RNA-sequencing experiments

2D and 3D cultures of CREB5 or luciferase overexpressed cell lines were cultured as stated above. RNA was extracted from the cell lines using a RNeasy Mini Kit (Qiagen). For RNA-seq experiments, library preparations, quality control and sequencing were performed by Novogene. All groups had three replicated expect the CREB5 overexpressed 2D cultured HCC1806 cell line had two.

Surfaceome experiments

Both cell lines were seeded in a 15 cm plate, then a Cell Surface Protein Biotinylation and Isolation Kit (Pierce) was utilized to isolate proteins.
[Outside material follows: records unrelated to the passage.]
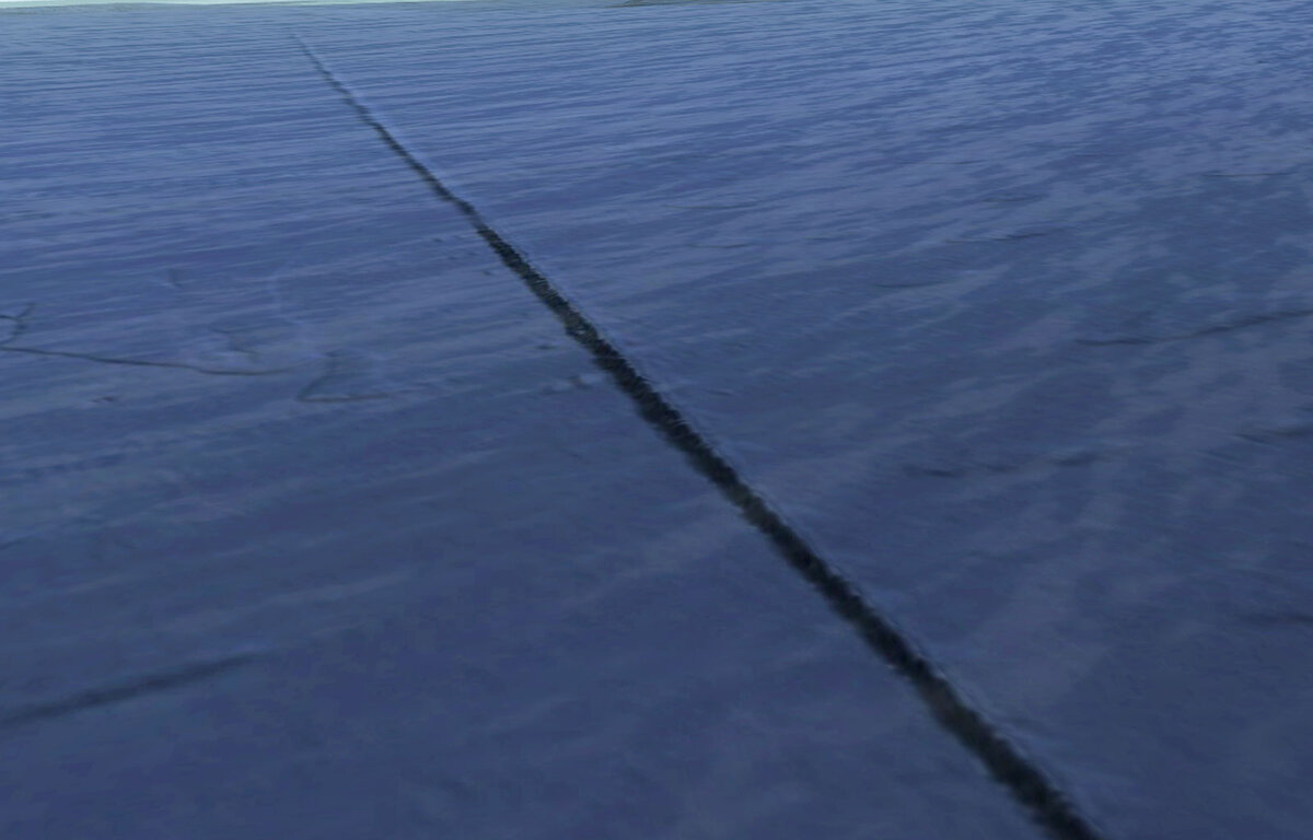 Поэтому статья выйдет насыщенной и интересной. Расположена данная находка возле побережья Калифорнии. Чем она является на самом деле, сказать сложно. На карте выглядит как огромная прямая линия, напоминающая некое образование или дорогу. Ее протяженность по прямому участку составляет около 6.8 километров. В противоположной от берега стороне объект разделяется на развилку. Длина линий развилки равняется примерно 1.2 километрам. Если залезть в спутниковых картах под воду, то там объект напоминает систему природных гор. Однако при просмотре реальной фотографии станет ясно, что спутниковые карты показывают в искаженном виде. Да и какие могут быть горы высотой в 8-10 метров? З Забыл упомянуть, что "дорога" находится на глубине 40-60 метров. Переходим к самому
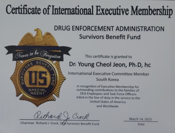 DEA 후원승인서란? 미국 및 전 세계에서 복무 및 활동을 하다 사망한 DEA직원과 테스크포스 장교 가족에 대한 후원자가 되는데 있어 탁월한 기여와 지원에 대한 인정과 감사의 표시로 단계별 브론즈, 실버, 골드와 최고등급인 다이아몬드 승인서를 발급하고 있다.
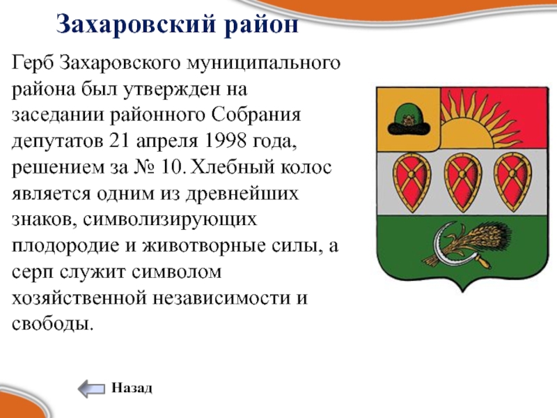 Герб Захаровского муниципального района был утвержден на заседании районного Собрания
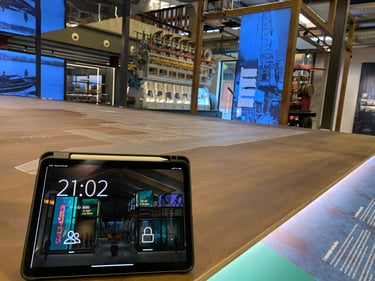 El control de toda la exposición museográfica, iluminación, video proyección, monitores, sonido... lo realice con un sistema de automatización Crestron CP4 y una Tablet iPad Air.
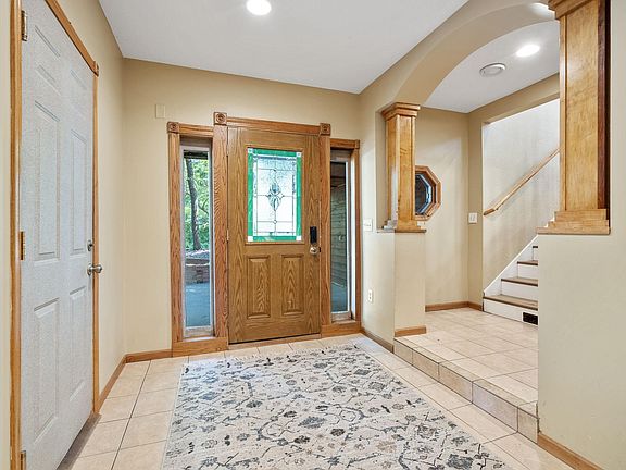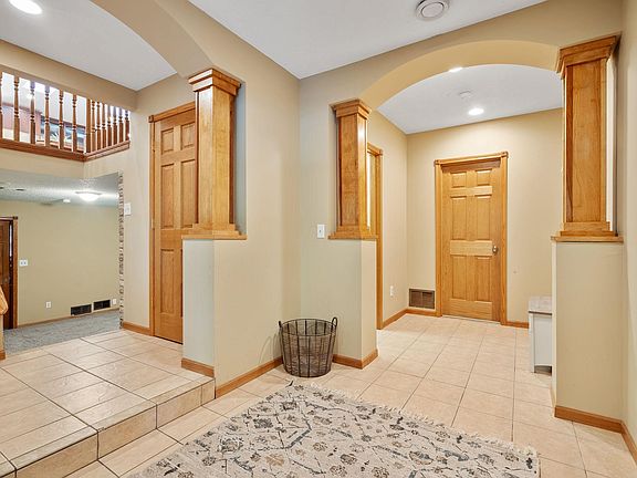 sun-filled rooms with picturesque views of mature trees on your oversized lot located on a quiet wooded cul-de-sac. Generous-sized entry on the main level with a 1/2 bath. Upper level features a well-designed eat-in kitchen complete with stainless steel appliances and a large pantry. The upper level also features a full-sized living room, full bath and 2 bedrooms. Second, upper-level includes the primary bedroom's ensuite with a corner soaking tub and tiled walk-in shower. Lower level walkout opens to an additional oversized entertainment space, 2 additional bedrooms and 1 additional full bath. New flooring throughout the upper level. Lots of storage space available with added storage space in the large, 3-stall garage and backyard shed. Easy access to excellent schools, local parks & walking trails, retail, restaurants and major interstate I35. Don't miss this opportunity.
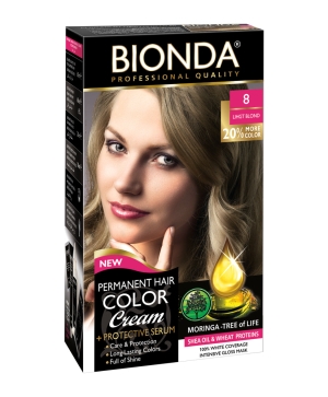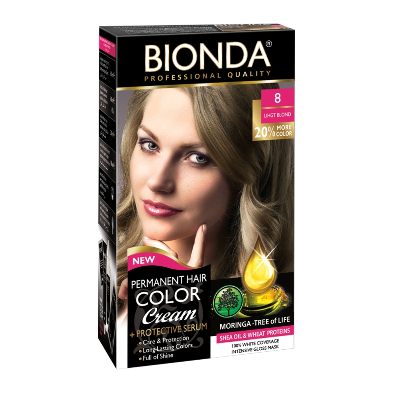 Изберете Bionda боя за коса - 8 Светло рус, за да постигнете мечтания светло рус цвят с професионално качество и дълготраен резултат. Подарете на косата си грижа и защита, които заслужава!
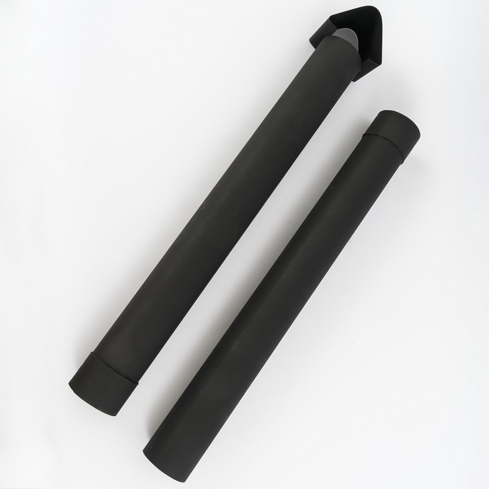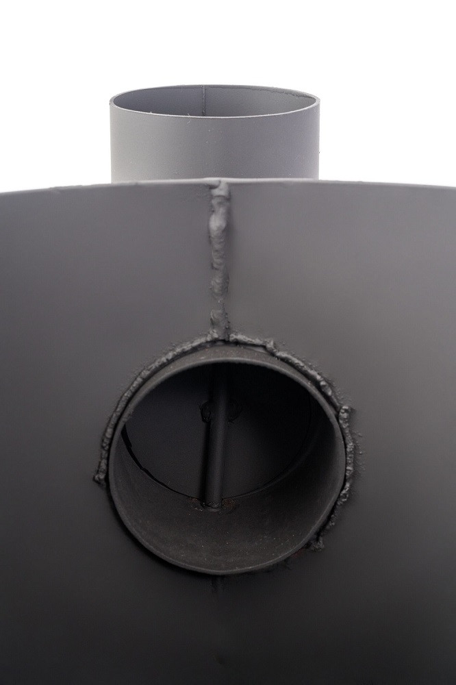 - С высоким круглым дымоходом (труба из 2 частей). Толщина металла трубы 1,5 мм. Высота собранного дымохода - 132,5 см

Biotinylated proteins were then subjected to mass spectrometry through the Center for Metabolomics and Proteomics at the University of Minnesota. Proteom Discoverer (Thermo Scientific) was used for peptide identification and label-free quantification (LFQ). Peptide sequences, and thus protein identities, were determined by matching them against the UniProt database. Significance was assessed using an ANOVA test with Benjamini Hochberg adjustment.